**DATA BLOCK:**
_ _ _ _ _ _ _
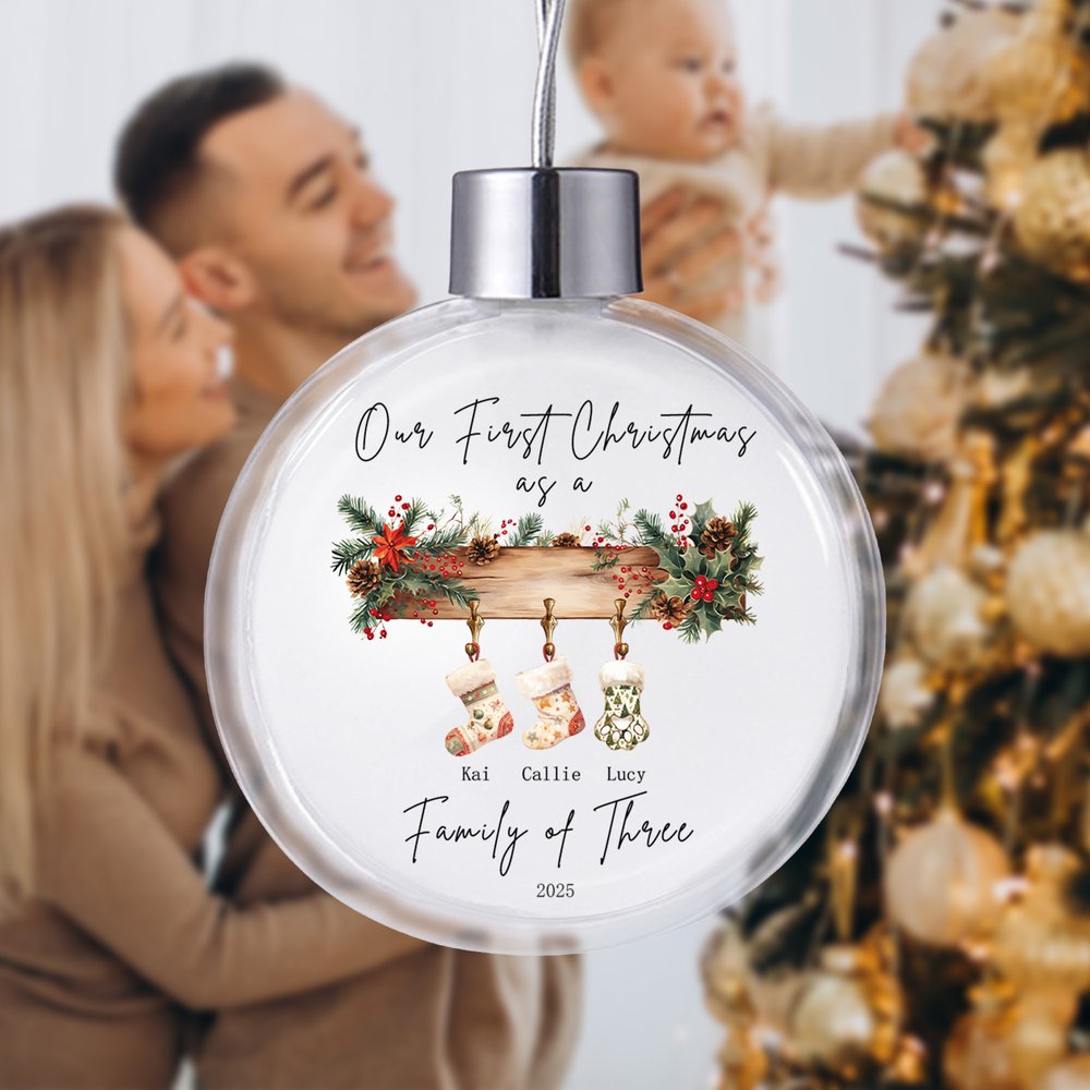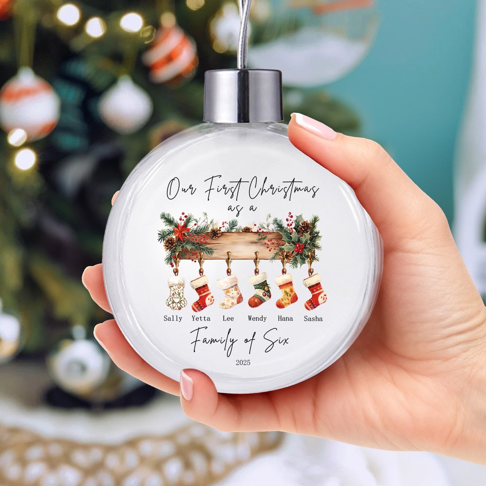 This Christmas ball ornament is designed with our first Christmas in mind, offering 20 different styles of Christmas stockings for you to choose from. You can choose a number of 1-6 stockings and customize the name under each one, perfectly presenting the warm scene of a family reunion, and letting every detail tell the story of home.
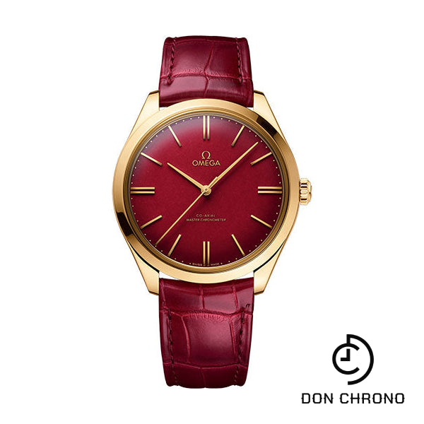 Omega De Ville Tresor Co-Axial Master Chronometer 125th Anniversary Edition Watch - 40 mm Yellow Gold Case - Rare Red Enamel Dial - Burgundy Leather Strap - 435.53.40.21.11.001
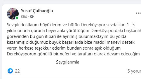Yusuf Çulhaoğlu sosyal medyadan yaptığı açıklamada, Sevgili dostlarım büyüklerim Dereköy sevdalıları 1.5 yıldır onurla gururla yürüttüğüm Dereköyspor’daki başkanlık görevimden bu gün itibarıyla ayrılmış bulunmaktayım bu yolda kazanmış olduğumuz büyük başarılarda bize maddi manevi destek veren herkese teşekkür ederim.
_ _ _ _ _ _ _
From start to finish, output the listing exactly, but omit its pictures.

**ANSWER AREA:**
 This Christmas ball ornament is designed with our first Christmas in mind, offering 20 different styles of Christmas stockings for you to choose from. You can choose a number of 1-6 stockings and customize the name under each one, perfectly presenting the warm scene of a family reunion, and letting every detail tell the story of home.
 Omega De Ville Tresor Co-Axial Master Chronometer 125th Anniversary Edition Watch - 40 mm Yellow Gold Case - Rare Red Enamel Dial - Burgundy Leather Strap - 435.53.40.21.11.001
Yusuf Çulhaoğlu sosyal medyadan yaptığı açıklamada, Sevgili dostlarım büyüklerim Dereköy sevdalıları 1.5 yıldır onurla gururla yürüttüğüm Dereköyspor’daki başkanlık görevimden bu gün itibarıyla ayrılmış bulunmaktayım bu yolda kazanmış olduğumuz büyük başarılarda bize maddi manevi destek veren herkese teşekkür ederim.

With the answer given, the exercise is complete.